En el norte de China, una transformación profunda está teniendo lugar. No es una obra de piedra ni un muro de cemento. Es una muralla viva en medio del desierto, hecha de raíces y hojas que se extiende por miles de kilómetros con la determinación de devolverle vida a lo que antes era suelo árido.
Esta batalla silenciosa es parte de un proyecto ecológico sin precedentes. Se trata de la Gran Muralla Verde de China. Te contamos todo sobre esta construcción en medio del desierto que permitió que la arena no se apodere del gigante asiático.
Mueven millones de toneladas de tierra en el desierto y crean una muralla para protegerse de la arena
La iniciativa en pleno desierto comenzó en 1978 como el Programa de Bosques de Protección de Tres Norte (Three-North Shelterbelt Forest Program), un ambicioso plan para combatir la desertificación y mitigar las tormentas de arena que, cada primavera, azotan desde Mongolia Interior hasta Beijing. La idea central es tan simple como audaz. Plantar árboles, arbustos y vegetación en franjas continuas alrededor de las áreas desérticas más activas, creando barreras naturales que “fijen” la arena y reduzcan su avance.

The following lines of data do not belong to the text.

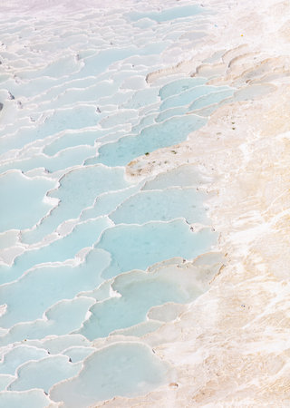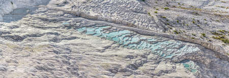 Closeup natural travertine pools and terraces, Pamukkale, Turkey
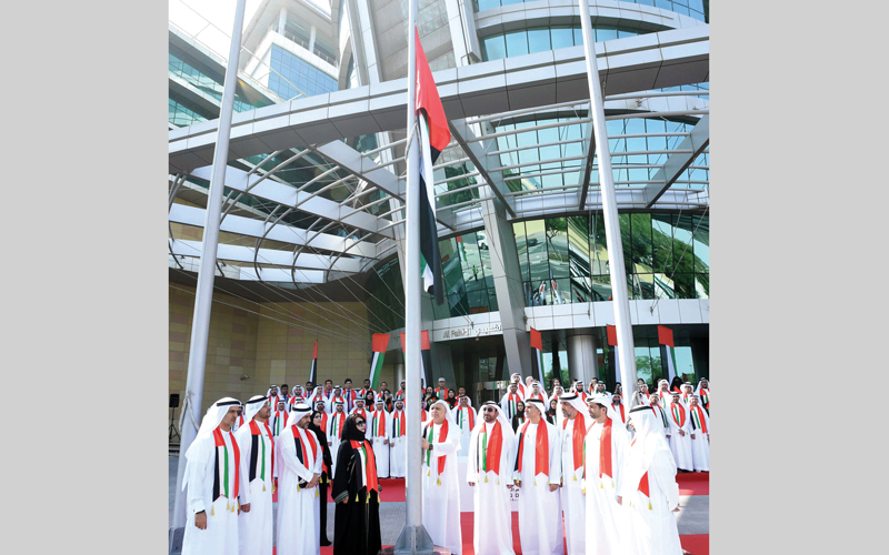 الطاير والمديرون التنفيذيون خلال رفع العلم
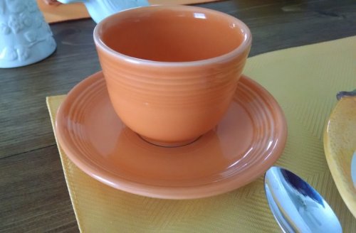 The coffee cups are Fiesta Ware – here’s a shot that almost depicts the yellow cup and saucer as yellow!
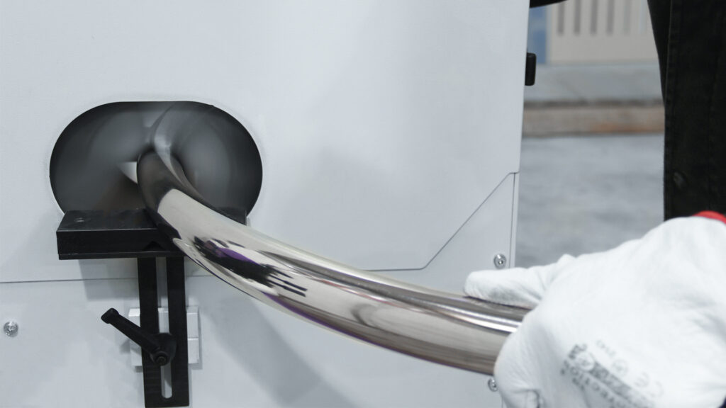 A ML75 é uma máquina de acabamento ideal para tubos redondos com diâmetros de até 76 milímetros com raio de curvatura apertada.
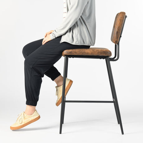 Set of Two 27" Brown And Black Faux Leather And Steel Low Back Counter Height Bar Chairs
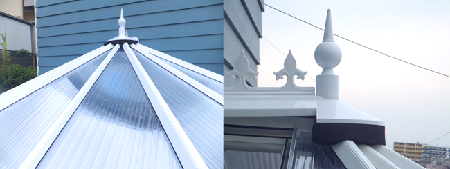コンサバトリーを象徴するような頂点装飾を、「フィニアル」
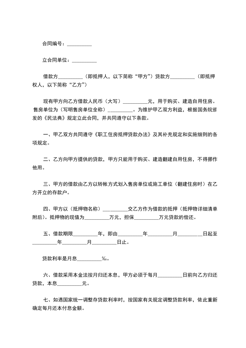 鉴于乙方因[借款用途]需要资金,向甲方申请抵押贷款,经双方友好协商,达成如下协议:
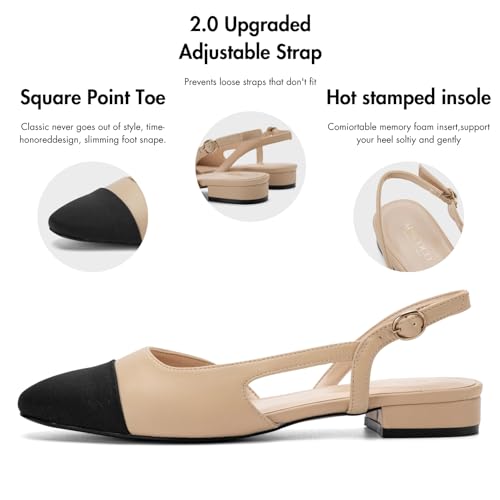 Slingback Flats for Women 2.0 Square Toe Two Toned Flats Wedding Shoes Low Heel Pumps for Women
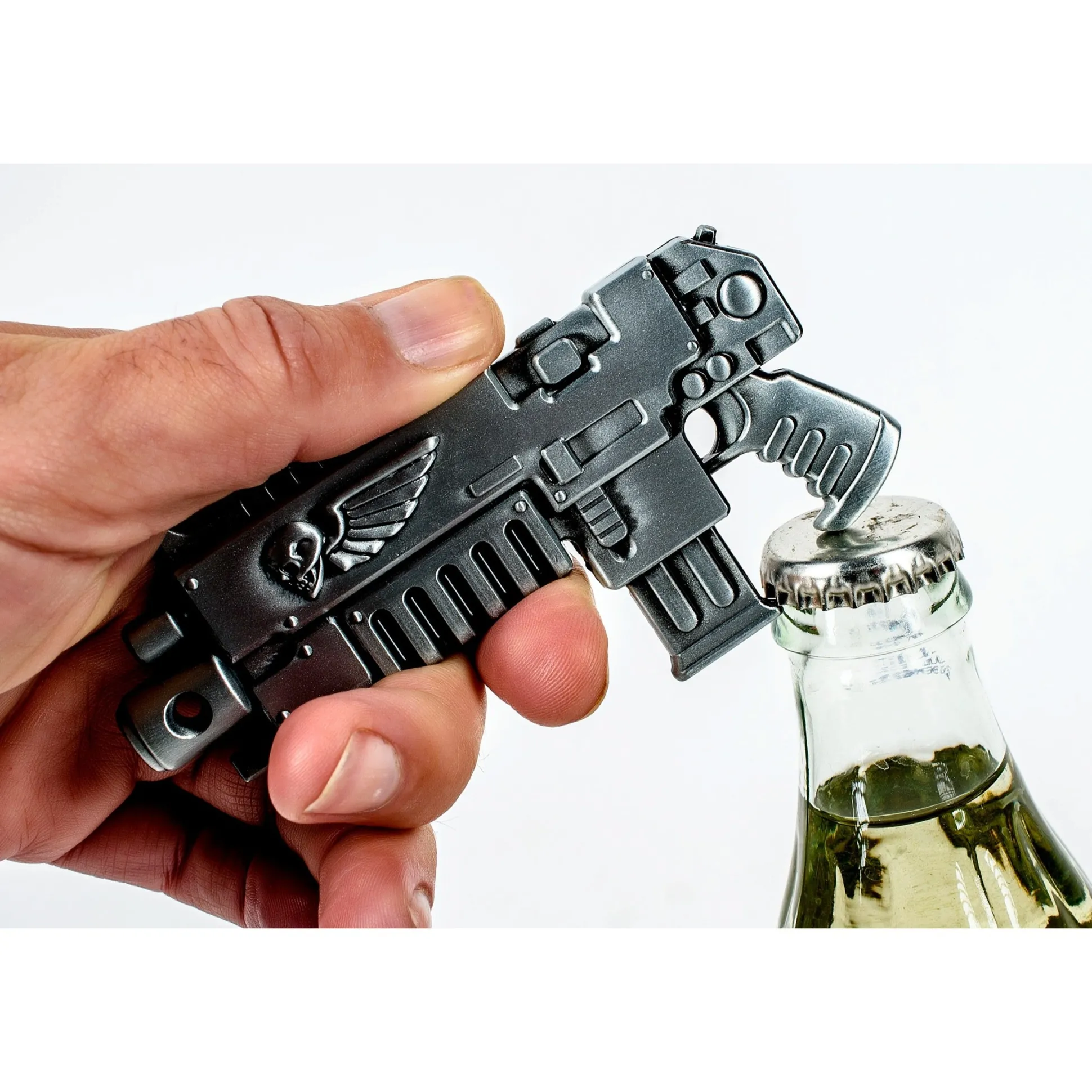 Wenn es der Wille des Imperators ist, dass eine Flasche geöffnet wird, soll sich kein Kronkorken seinem Willen widersetzen. Falls doch, sind diese Flaschenöffner bestens geeignet, die ketzerischen Verräter mit Gewalt zu vertreiben und die Flasche zu zwingen, ihren kostbaren Inhalt dem Imperium zu übergeben. Zu diesem Zweck stehen verschiedene Varianten zur Auswahl: Das Boltergewehr, das Chaos-Kettenschwert und das Adeptus Astartes-Kettenschwert.
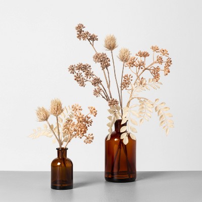Bring added interest to desks, shelves, dressers and more with the Faux Bleached Thistle & Sedum Arrangement from Hearth & Hand™ with Magnolia. Set in an amber glass vase for an appealing, down-to-earth look, this artificial floral arrangement is composed of faux dried sedum, faux dried thistle stems and faux leaf stems in a light cream color. The neutral tones make it easy to work into a range of color schemes and decor styles, and the faux dried stems have a timeless appeal that works any time of year for a versatile decor piece you'll love.

Lo que hace a este proyecto excepcional no es solo su escala, sino también su complejidad técnica. En algunas zonas, China extrae millones de toneladas de arena del desierto para estabilizar el suelo y preparar el terreno para la vegetación, combinándolo con barreras de paja, sistemas de riego y paneles solares que ayudan a sostener la vida vegetal en un ambiente extremadamente seco.
La importancia de la Gran Muralla verde de China
Hasta ahora, la Gran Muralla Verde ha plantado más de 66.000 millones de árboles y ha transformado miles de kilómetros de terreno antes desolado en franjas verdes que se extienden alrededor de desiertos como el Taklamakan y el Gobi. Solo en la primera fase del proyecto, se completó una barrera de 3.046 kilómetros que rodea el Taklamakan, un paso significativo en la lucha contra la expansión de la arena.
Esta muralla orgánica no solo busca detener la desertificación, sino también mejorar la calidad del aire, proteger tierras agrícolas, incrementar la biodiversidad y ofrecer empleo a comunidades locales. Al estabilizar el suelo, las plantaciones ayudan a disminuir la frecuencia y la intensidad de las tormentas de arena, un fenómeno que durante décadas perjudicó ciudades como Beijing y regiones agrícolas al sur.
La visión para 2050 proyecta una muralla aún más extensa, de hasta 4500 kilómetros, que abarcará buena parte del norte de China, convirtiendo zonas que alguna vez fueron hostiles para la vida en corredores verdes donde la vegetación puede sobrevivir y prosperar.